Ravi Sandhu, Ph.D.
The Lutcher Brown Distinguished Chair in Cyber Security
The Lutcher Brown Distinguished Chair in Cyber Security was established in 2004. In 2003, former UTSA President Ricardo Romo pledged $7 million of the endowment’s corpus to fund seven Lutcher Brown Distinguished Chairs that has provided a perpetual source of funding to support the holder’s research and teaching activities.

Ravi Sandhu, Ph.D.

The Lutcher Brown Distinguished Chair in Cyber Security

Professor, Computer Science

Ravi Sandhu is the Lutcher Brown Distinguished Chair in Cyber Security, executive director and chief scientist for UTSA’s Institute for Cyber Security, and director and lead principal investigator for the NSF Center for Security and Privacy Enhanced Cloud Computing (C-SPECC).

A prolific and highly cited author, Sandhu’s research has been funded by the US National Science Foundation (NSF), NSA, NIST, DARPA, AFOSR, ONR, AFRL and private industry. His seminal papers on role-based access control established it as the dominant form of access control in practical systems.

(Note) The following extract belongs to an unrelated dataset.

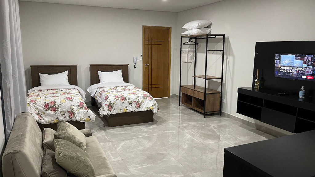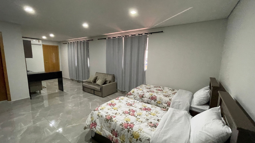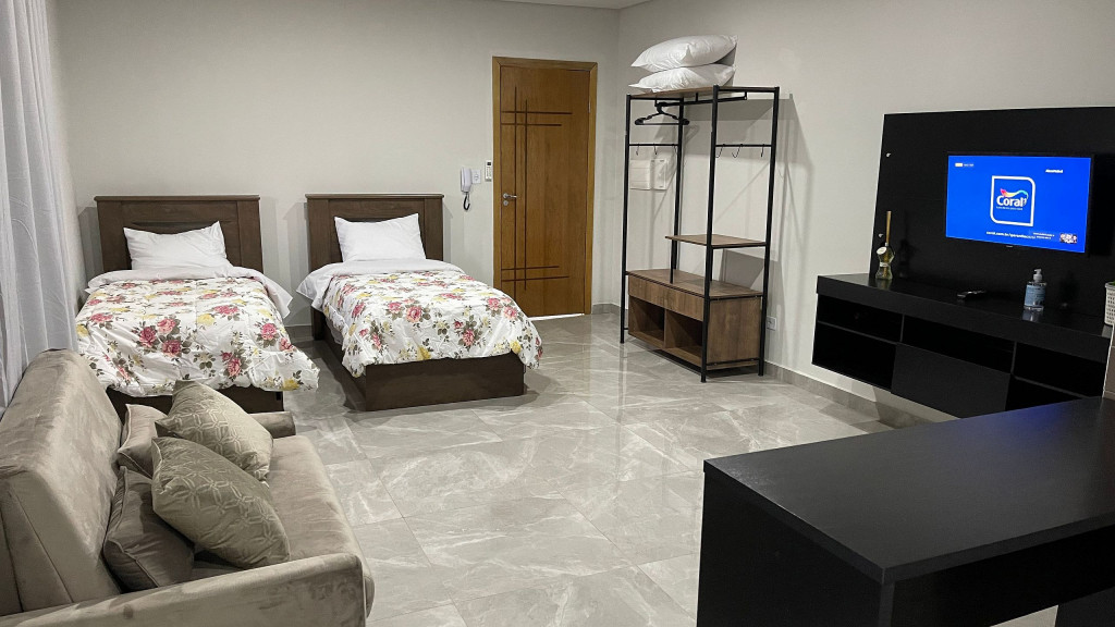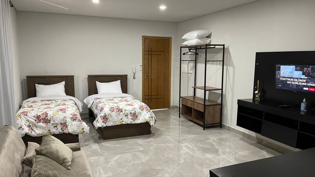 Para quem vem a turismo também é uma ótima opção. O prédio fica próximo a Mesquita, de fácil acesso ao trajeto da Itaipu, templo Budista e rota para as Cataratas e outros pontos turísticos. Equipado com cozinha completa, cama confortável, mesa para trabalhos e refeições, TV, ar-condicionado, jogo de cama e banho segurança exclusiva do prédio e Wi-fi.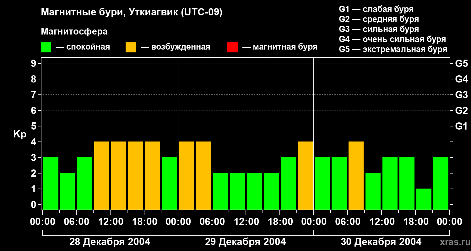 Магнитные бури в Уткиагвике — 30 декабря 2004 года

His numerous other models and mechanisms have also had considerable real-world impact. Sandhu has consulted for leading industry and government organizations, and has lectured all over the world.

He is an inventor on more than 30 security technology patents and has accumulated over 42,000 Google Scholar citations for his papers. Sandhu also served as the editor-in-chief of the IEEE Transactions on Dependable and Secure Computing, and previously as the founding editor-in-chief of ACM Transactions on Information and System Security.  

At the Institute for Cyber Security, Sandhu leads multiple teams conducting research on cyber security and privacy domains including cloud computing, internet of things, cyber-physical systems, smart communities, information sharing, data provenance and social computing, in collaboration with researchers all across the world. The goals of C-SPECC are to become nationally recognized for excellence in research and innovation in secure cloud computing, to increase participation among underrepresented minorities in high-tech computing and to pursue innovative research-based educational strategies for high school and college students. 

Sandhu has been elected as a fellow to the National Academy of Inventors. He is also a fellow of IEEE, ACM and the American Association for the Advancement of Science, and has received numerous awards from the IEEE, ACM, National Security Agency, National Institute for Standards and Technology and the International Federation for Information Processing, including the 2018 IEEE Innovation in Societal Infrastructure award for seminal work on role-based access control.

Before joining UTSA’s faculty in 2007Sandhu was on the faculty at George Mason University (1989-2007) and Ohio State University (1982-1989). He received BTech and MTech degrees from IIT Bombay and Delhi, and earned MS and PhD degrees from Rutgers University.